Solution Approach 2:
The system extracts and isolates specific arrhythmia episodes from the continuous ECG data stream, pulling out only the clinically relevant portions for review. By extracting these discrete episodes and presenting them separately, the system eliminates the need for clinicians to sift through irrelevant continuous data, reducing review burden while preserving all important events.
2Measurement precision
If WMD stores all detected episodes including noise and artifacts, then detection sensitivity is improved, but information quality deteriorates due to irrelevant data
Solution Approach 1:
The patent applies different quality standards and processing approaches to different portions of ECG data based on local characteristics. Relevant arrhythmia episodes receive detailed preservation and analysis, while noise and artifact portions are identified and handled differently. This local quality approach ensures high information quality for clinically important data without being degraded by irrelevant portions.
Solution Approach 2:
The system converts the presence of noise and artifacts into a benefit by using them as training data for machine learning algorithms. These irrelevant portions help the system learn to distinguish true arrhythmia events from false positives, thereby improving detection sensitivity while preventing noise from degrading overall information quality in clinical reviews.
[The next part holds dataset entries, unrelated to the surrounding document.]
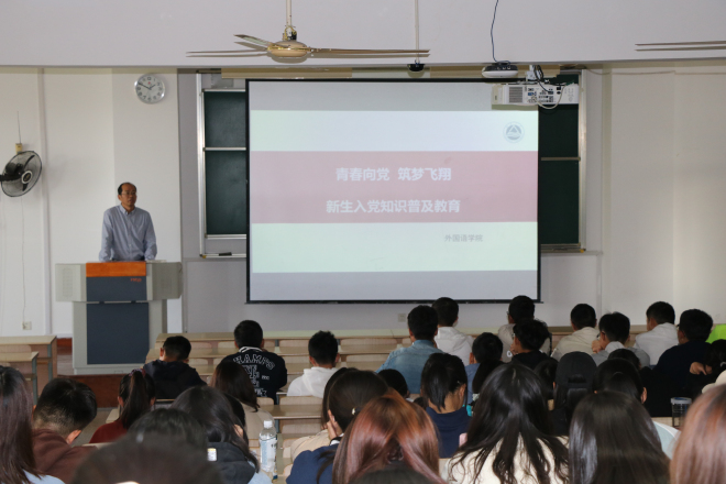 为增进新生对党的基本知识的理解和认识,提升新生的政治思想觉悟,进一步引导全院新生正确看待入党问题,详细了解入党流程。11月11日下午13:30,“青春向党,筑梦飞翔”新生入党知识普及教育在二教2D306举行,开云手机登录入口党委副书记刘伯贤作为主讲嘉宾出席会议,学院2020级新生参加本次会议。
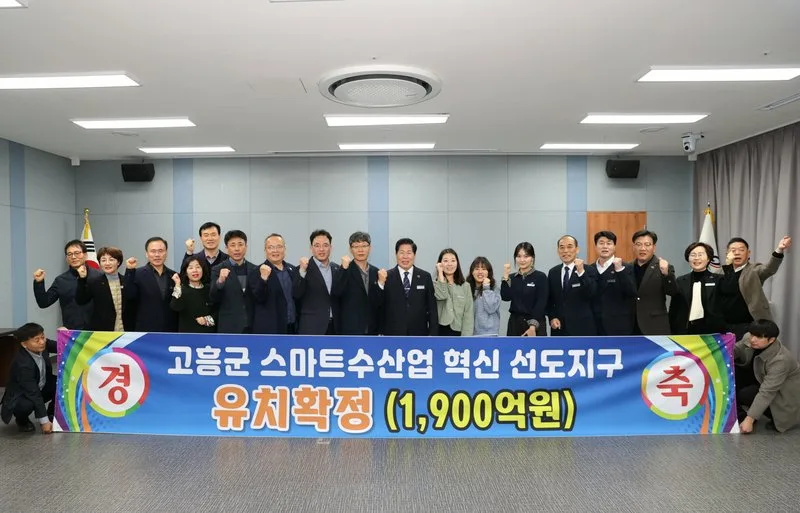고흥군이 해양수산부가 공모한 ‘스마트수산업 혁신 선도지구’ 조성 사업에 최종 선정돼, 총사업비 1,900억 원(국비 1,675억 원, 지방비 225억 원)을 확보했다.
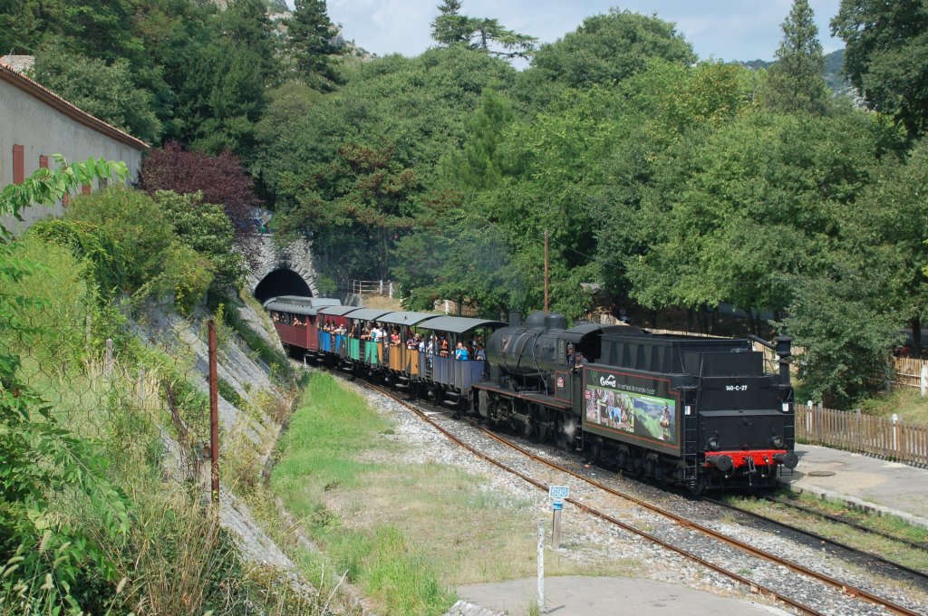 Die historische Lokomotive 140 C 27 von dem Dampfzug der Cevennen (Train à vapeur des Cévennes) fährt kurz vor dem Bahnhof Anduze aus dem Tunnel. Die Lokomotive ist nach jahrelanger Restaurierung wieder in Betrieb. 24.08.2011.
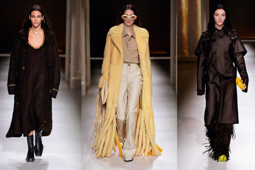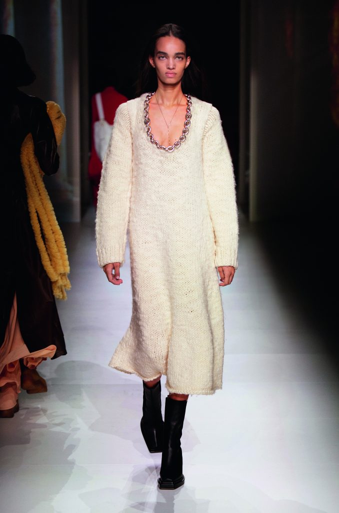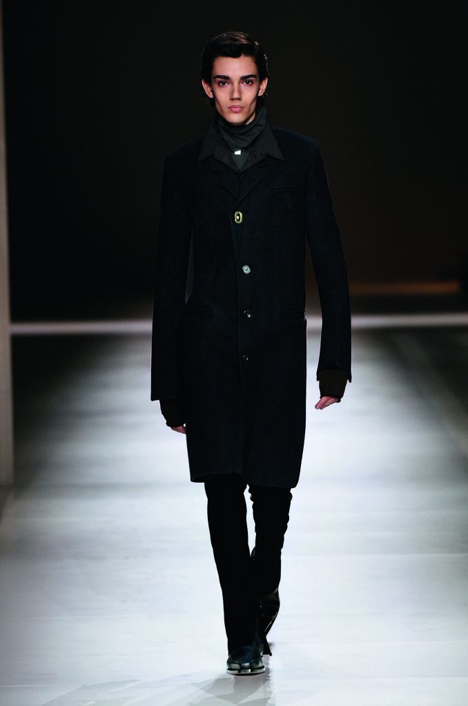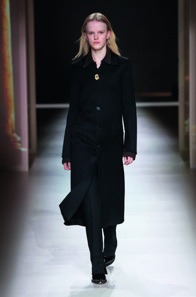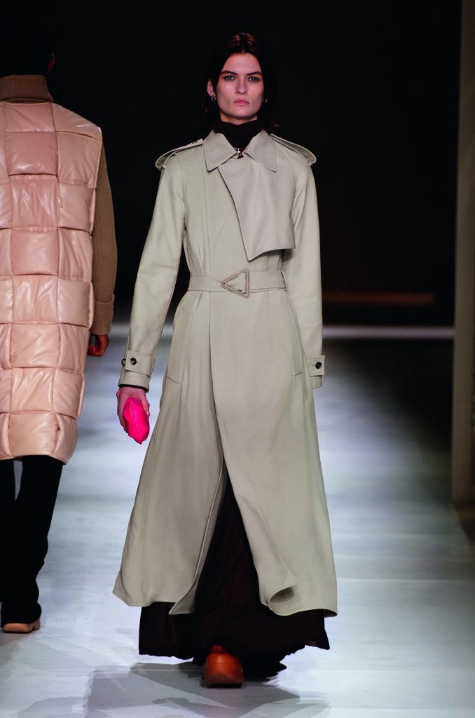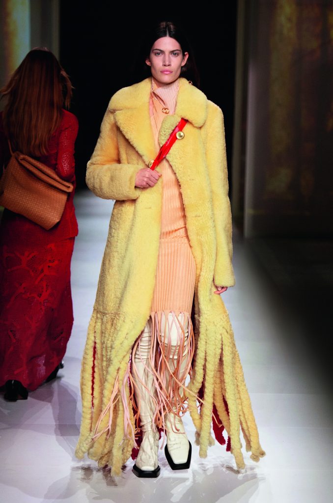 Tutto è solenne ma anche no, pronto a sdrammatizzarsi. Frange anche sui lunghi cappotti di ecofur bicolori mentre le borse lievitano sui fianchi: ampie, capienti come bisacce, voluminose e ludiche, nota ironica e sferzante nei look austeri, ascetici, della sfilata che piacerebbero a un monaco stilita in odore di beatificazione. Si comprende subito che molti capi servono essenzialmente per enfatizzare gli accessori, forza trainante del marchio: ne è passato di tempo da quando la bellissima Lauren Hutton incontrava Richard Gere in ‘American gigolò’ portando la sua inseparabile borsa dalla texture intrecciata firmata Bottega Veneta. Un motivo decorativo che oggi rivive ingigantito in versione 3D, formula insolita a cui dovremo, volenti o nolenti, fare l’abitudine. Un frisson erotico trapela dalla camicia nera per lui ma molto agender completamente see-through secondo un effetto ragnatela disegnato dal crochet.

3Adaptability or versatility
If WMD processes and stores large volumes of ECG data, then monitoring coverage is improved, but device complexity increases
Solution Approach 1:
The system performs preliminary processing and classification of ECG data at the time of acquisition, identifying and tagging arrhythmia episodes as they occur. This preliminary action organizes data into structured episodes with metadata before storage, simplifying subsequent retrieval and review processes. The complexity is managed upfront rather than accumulating during review, enabling comprehensive monitoring coverage with controlled processing complexity.
Data Source
AI summary
Technologies and implementations related to facilitating grouping of electrocardiogram (ECG) signals of a heart of a person (e.g., patient) wearing a wearable medical device (WMD). The ECG signals may be acquired during various times (e.g., during a normal rhythm of the heart and/or during an event of the rhythm of the heart) including various times of activity of the person (e.g., sleeping, awake, active, inactive, etc.). The ECG signals may be received and analyzed to determine if the ECG signals may be indicative of an event associated with a heart of the person or not.